Wilson's posting is important in another way: it recognises that the source of the rights and freedoms enjoyed by most Australians is the common law - not federal and state statutes.
It is important to protect particular groups with statutes.
But the common law, which protects everyone, remains the bedrock of the nation's liberties and is a birthright, not a gift from politicians.
The problem is that it has been increasingly overlooked - and hollowed out - in the mistaken belief that rights bestowed by governments on particular groups are more important.
This can be seen by the overwhelming silence of the publicly funded human rights industry when freedom of speech is at stake.
While dreaming of an imaginary world governed by charters, they have neglected the real world of the common law.

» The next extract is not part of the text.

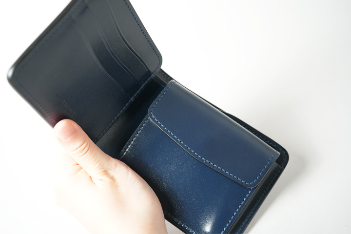 The WINGS is a simple wallet with a bill compartment, six card slots, and an L-shaped pocket on both sides. The bill compartment allows easy insertion and removal of banknotes and can also store tickets and other long items.

There have been honourable exceptions. The Human Rights Law Centre, for example, courageously intervened as amicus curiae to support freedom of speech in the High Court case over the homophobic street preaching of Adelaide's Corneloup brothers.
But where was the Human Rights Commission? Unpopular causes that rely on common law freedoms are the real test for rights advocates.
The commission, rather late in the piece, did speak up about the adverse impact of section 18C of the Racial Discrimination Act - the Andrew Bolt provisions.
But Wilson, in his former role at the Institute of Public Affairs, was a far more effective advocate on that subject.
The commission was also less than voluble when the former government proposed a system of statutory regulation of the content of newspapers - another sharp
contrast with the approach taken by Wilson and the IPA.
When Attorney-General George Brandis said this appointment would restore balance to the commission, many people mistakenly viewed that as a reference to political balance. Instead, it will go a long way to restoring the structural balance of the commission's work.
But it will do so only if Wilson is not required to fall into line with the orthodoxy. He should not be required to hide the fact he is - and should remain - the odd man out.
Instead, the commission should be embracing its future as a broader institution. This is, after all, just the beginning of the Brandis agenda on human rights reform. He has already called an inquiry into statutory encroachments on common law rights and liberties, and next year he plans to make more changes to the commission.
What we are witnessing is the inevitable and very welcome backlash against the erosion of common law freedoms - the freedoms of the majority - that have been a feature of public life in the past few years.